Norfolk Jet Express
| IATA | ICAO | Call sign |
| YE | — | — |
- Founded: May 1997
- Ceased operations: 7 June 2005
- Headquarters: Norfolk Island, Australia
- Key people: Gregg Prechelt (CEO); David Bobberman (COO);

= Norfolk Jet Express =

Airline of Norfolk Island, Australia (1997–2005)

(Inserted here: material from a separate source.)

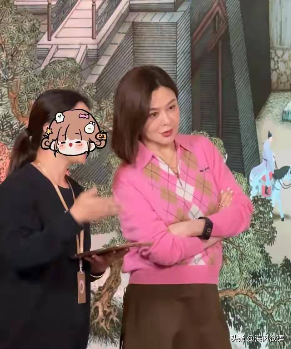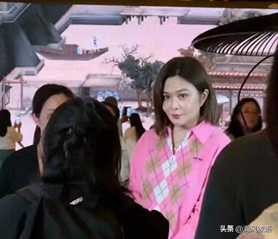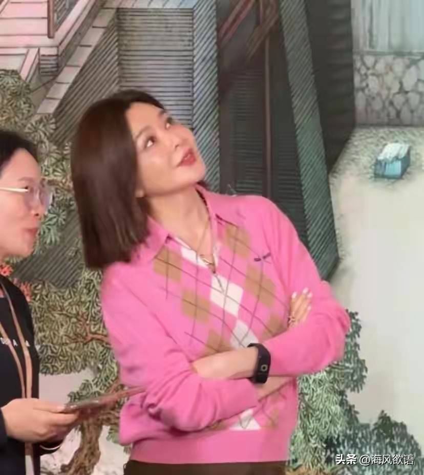 当天她穿的粉色毛衣特别衬肤色,衬得皮肤白皙透亮,上面还有小巧的印花点缀,不会显得单调,虽然身形看着比年轻时丰腴了些,但这种圆润感刚好撑起了毛衣的温柔质感,一点不臃肿,反而透着股雍容的劲儿。
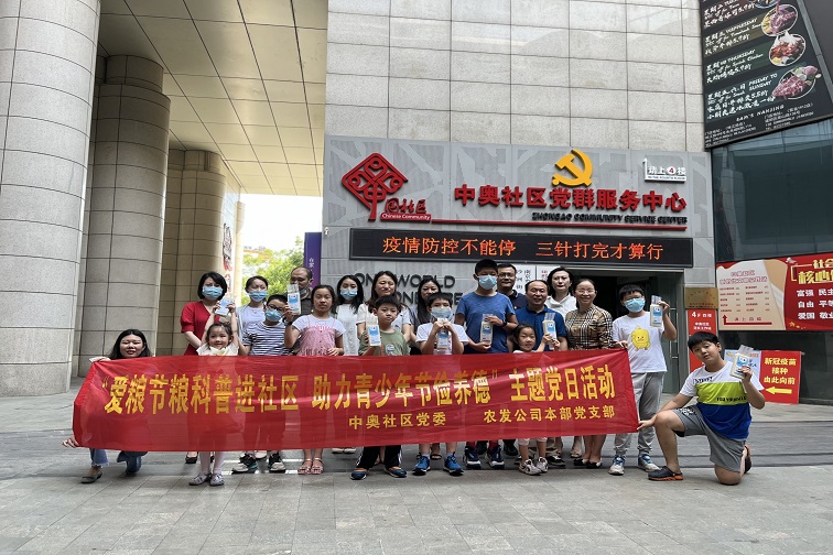 為鞏固拓展黨史學習教育成果,賡續(xù)紅色血脈,弘揚優(yōu)良傳統,8月9日下午,省沿海農發(fā)公司本部黨支部聯合建鄴區(qū)中奧社區(qū)開展了“愛糧節(jié)糧科普進社區(qū) 助力青少年節(jié)儉養(yǎng)德”主題黨日活動。農發(fā)公司本部黨支部黨員、發(fā)展對象、積極分子及志愿者參加活動。

Norfolk Jet Express Pty Ltd was an airline based on Norfolk Island offering scheduled, international, domestic, passenger and cargo services. It ceased operations in June 2005 due to financial difficulties.

==History==
Norfolk Jet Express was established in May 1997 by Norfolk Island resident and businessman Gregg Prechelt. It started operations in the same month and ceased on 7 June 2005 after voluntary liquidation.

==Services==
Norfolk Jet Express provided services from Norfolk Island to Brisbane and Sydney using the Air Nauru Boeing 737-400 and Alliance Airlines Fokker 100 aircraft to Auckland at one stage.

==Fleet==
The aircraft fleet firstly consisted of just one single BAe 146-100 then progressed to a Fokker 100 (wet-leased from Alliance Airlines) and a Boeing 737-400 (leased from Air Nauru).